About Me

I am a postdoc at Gladstone Institutes in Barbara Engelhardt’s group. My work combines statistics and machine learning to develop probabilistic models and decision-making tools, with a focus on unsupervised learning, graphical models, nonparametric methods, sequential processes, and biomedical applications.

In May 2025, I completed my PhD in Statistical Science at Duke, supervised by David Dunson and Amy Herring. Previously, I obtained my master’s degree from McGill University in Mathematics and Statistics, supervised by Russell Steele. I was also an undergraduate at McGill, where I received a bachelor’s degree in Mathematics.

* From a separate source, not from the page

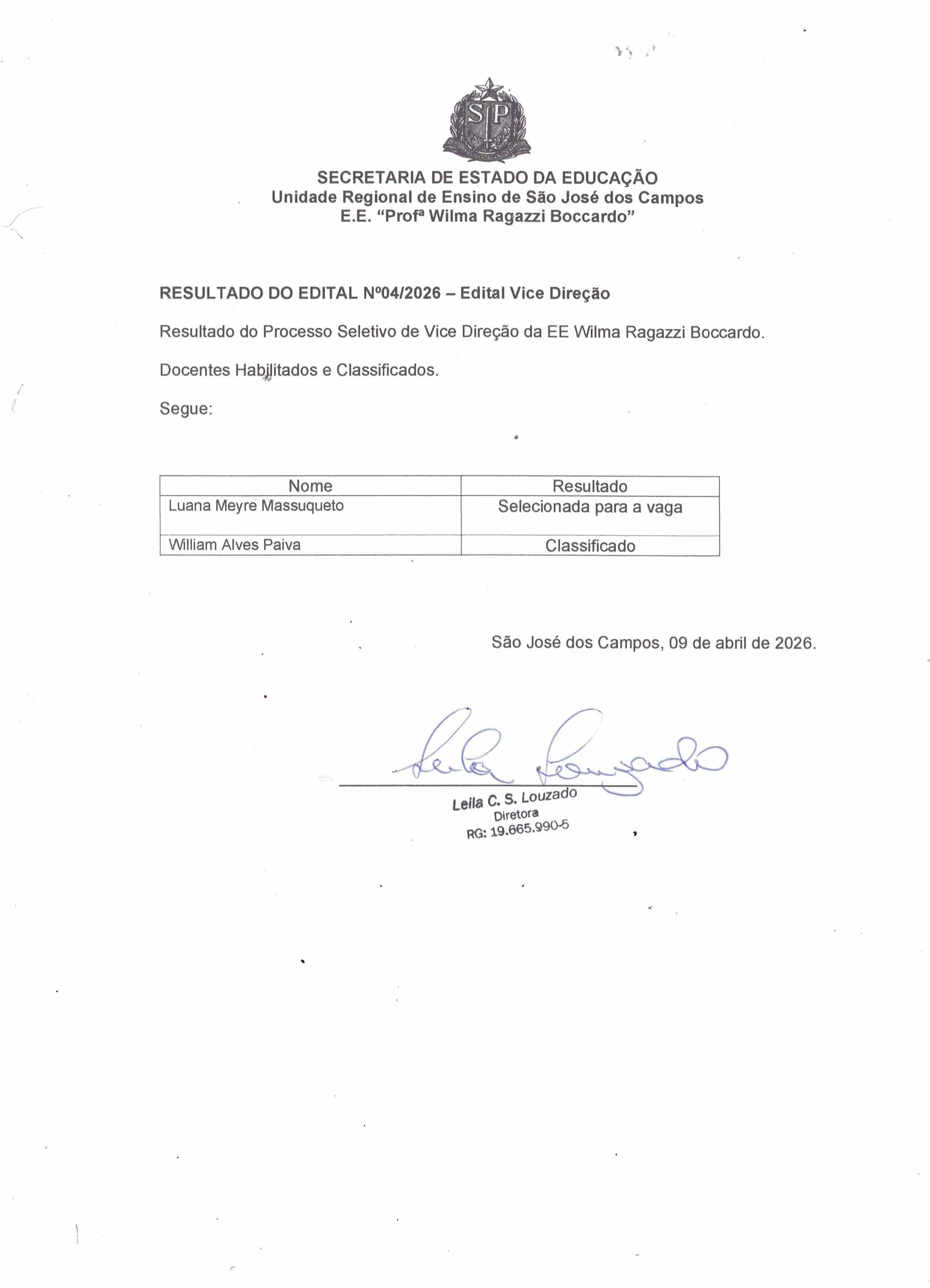 EDITAL PARA PREENCHIMENTO DE VAGA DE VICE-DIRETOR – EEWILMA RAGAZZI BOCCARDO 16-03-2610 de abril de 2026 Enviar por e-mail EDITAL PARA PREENCHIMENTO DE VAGA DE VICE-DIRETOR – EEWILMA RAGAZZI BOCCARDO Para acessar clique AQUI Para acessar o resultado clique AQUI LEIA TAMBÉM EDITAL – COORDENADOR DE GESTÃO PEDAGÓGICA – ANOS FINAIS – E.E. JOÃO CURSINO Edital de Credenciamento para Professor Coordenador do Centro de Inovação da Educação Básica Paulista — CIEBP, com sede na EE João Cursino Edital Sala de Leitura – EE Deputado Benedito Matarazzo Comunicado CAA nº 23/2026 – Atribuição de aulas Ordem Judicial
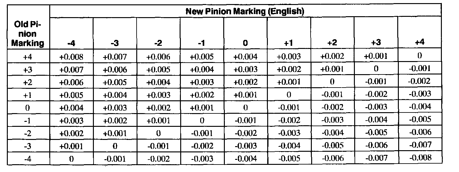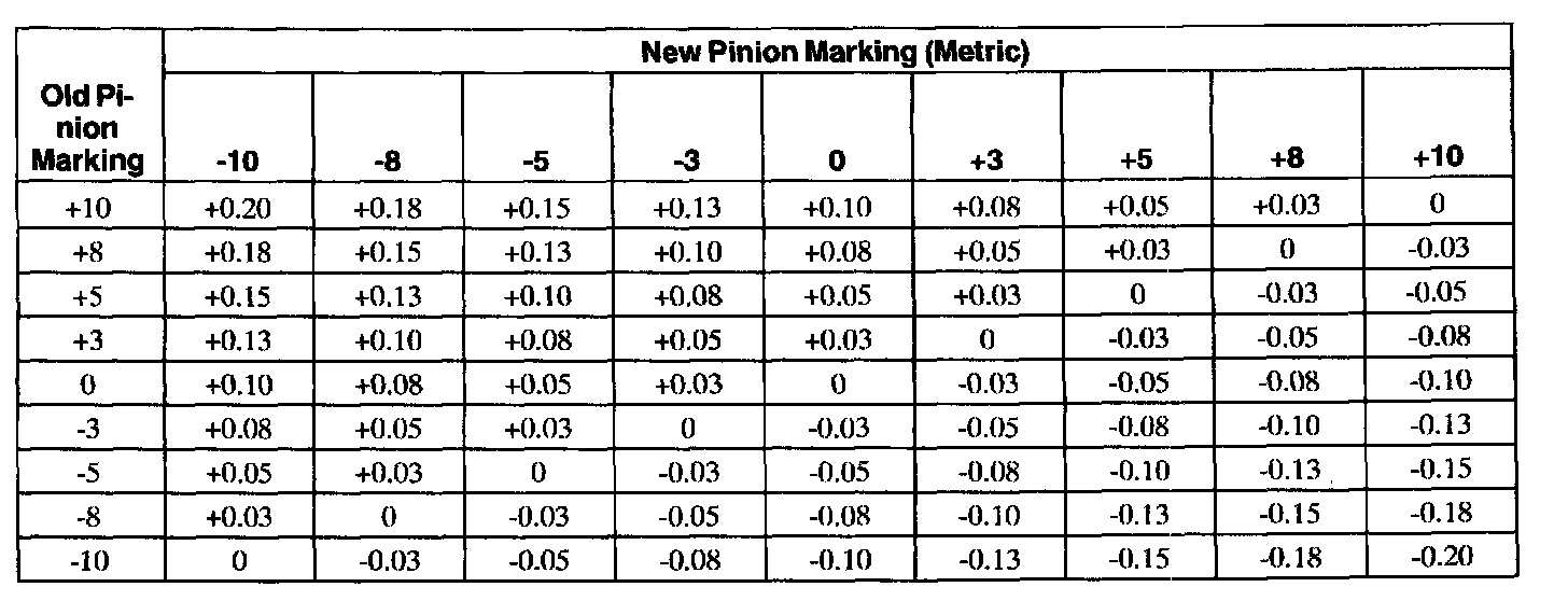 - If installing a new gearset, notice the plus (+), minus (-), or zero (0) etching on both the original and the new drive pinion, and adjust the thickness of the new shim according to the following charts.

Outside of statistics, I like running, the NYT crossword, playing guitar, and watching the Premier League.

Recent News

09/16/2025: Check out Learning discrete Bayesian networks with hierarchical Dirichlet shrinkage, a new preprint written with David Dunson about graphical modeling of categorical data.

08/28/2025: Bayesian learning of clinically meaningful sepsis phenotypes in northern Tanzania has been published in the Annals of Applied Statistics.

06/24/2025: I gave a talk at BNP 14 on discrete Bayesian networks.

04/30/2025: Product centred Dirichlet processes for Bayesian multiview clustering has been published in the Journal of the Royal Statistical Society, Series B.

03/03/2025: I successfully defended my dissertation, titled Bayesian Inference for Discrete Structures.